The last time Florida growers drove migration of citrus groves to another part of the Sunshine State was after the Great Freeze of 1894-95, which created ghost groves and caused banks to fail.
Before that winter, the citrus sweet spot spanned a swath of North Central Florida that included Gainesville, St. Augustine and up toward Jacksonville and the small hamlets in between. The Marion County town of Citra was named for its enviable produce, and there were others: Orange Lake, Orange Heights, Orange Springs, Satsuma, Orange Park, Fruit Cove, Mandarin and Fruitland Park.
After the Great Freeze, growers set their sights south, and the citrus industry South Florida became known for took off. Images of balmy breezes carrying the scent of citrus blossoms over rows of deep green dotted with orange orbs became part of South Florida’s zeitgeist. The undeveloped mosquito-curtained zones to the south had found a juicy gem and a place in state history.
Facing challenges in South Florida, growers have now doubled back, finding success farther north.
Along the Florida-Georgia line, small growers and family farms are cultivating citrus, specifically varieties of robust mandarin oranges. Through research, mutual support, and trial and error, growers are perfecting mandarins that thrive in colder temperatures and benefit from the semidormancy induced by the cold season. In 2017, they formed the Cold Hardy Citrus Association, a unique collaboration of citrus growers.
“Cold Hardy Citrus Association was formed to help the entire region, to establish a broad reach for small growers who wouldn’t be able to easily do so on their own,” says Kyli Lamar, who sits on the association’s board. “We want to support all citrus varieties and all growers in our region, and we see this as a model for all commodities. Because we are part of a region, we collaborate across state lines, which is kind of unique.”
Cold hardy does not mean cold resistant, but it does mean certain varieties are more tolerant of low temperatures. There are too many variables, Kyli says, to pinpoint the specific subfreezing temperatures at which the fruit will grow unscathed. A number of factors, including rootstock and the duration of freezing temperatures, can affect tree survival. The freeze over Christmas 2022 saw days of temperatures in the low 20s, and the resulting tree damage is still being assessed.
Building a Brand
To promote the many citrus varieties and educate consumers about the sweet-tasting mandarins that grow in lower temperatures, CHCA members needed a marketing plan. They could grow all the wonderful citrus they wanted, but if they couldn’t market it effectively, their efforts would be fruitless. The association secured a grant from the Florida Department of Agriculture to build a brand and help market members’ produce.

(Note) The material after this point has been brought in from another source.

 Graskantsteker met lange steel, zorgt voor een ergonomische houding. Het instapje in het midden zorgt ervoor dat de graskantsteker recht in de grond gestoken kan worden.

“We worked with Moxxy Marketing out of Miami to create our brand, Sweet Valley Citrus, which we just launched in 2022,” Kyli says. “They do a lot of work in agriculture, with grower-shippers and with food and beverage companies. Sweet Valley Citrus represents a region about the size of Illinois, not necessarily a valley, comprised of North Florida, South Georgia and South Alabama.”

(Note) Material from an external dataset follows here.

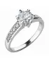 Luxusný diamantový prsteň je vyrobený z bieleho štrnásťkarátového zlata - 585/1000 v lesklej povrchovej úprave. Prsteň je vysadený jedným veľkým okrúhlym diamantom a 10 menšími diamantmi.
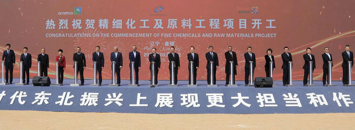 جرت أمس مراسم وضع حجر الأساس لمصفاة متكاملة ضخمة ومجمع بتروكيميائيات في شمال شرق الصين، حيث تبدأ شركة «أرامكو هواجين للبتروكيميائيات» في بنائهما.

Moxxy Marketing was a perfect fit. The company started in California’s Salinas Valley region, a tremendously productive agricultural area. Moxxy’s Miami presence, its agriculture marketing experience and proximity to the Florida citrus industry were just what CHCA needed. The goal was to create place-centered branding that consumers could recognize and trust, much like Fresh from Florida, Georgia Grown and wine regions such as Napa in California and the Willamette Valley in Oregon.
To tag their produce with the Sweet Valley Citrus brand, growers must be CHCA members and farm citrus in the association’s region. Growers encourage each other and collaborate rather than compete. The long game—success of the Sweet Valley Citrus region and the state’s citrus industry—drives them all.
Concern around Florida’s citrus is real, and Kyli says the Sweet Valley region makes good sense for sustaining the industry.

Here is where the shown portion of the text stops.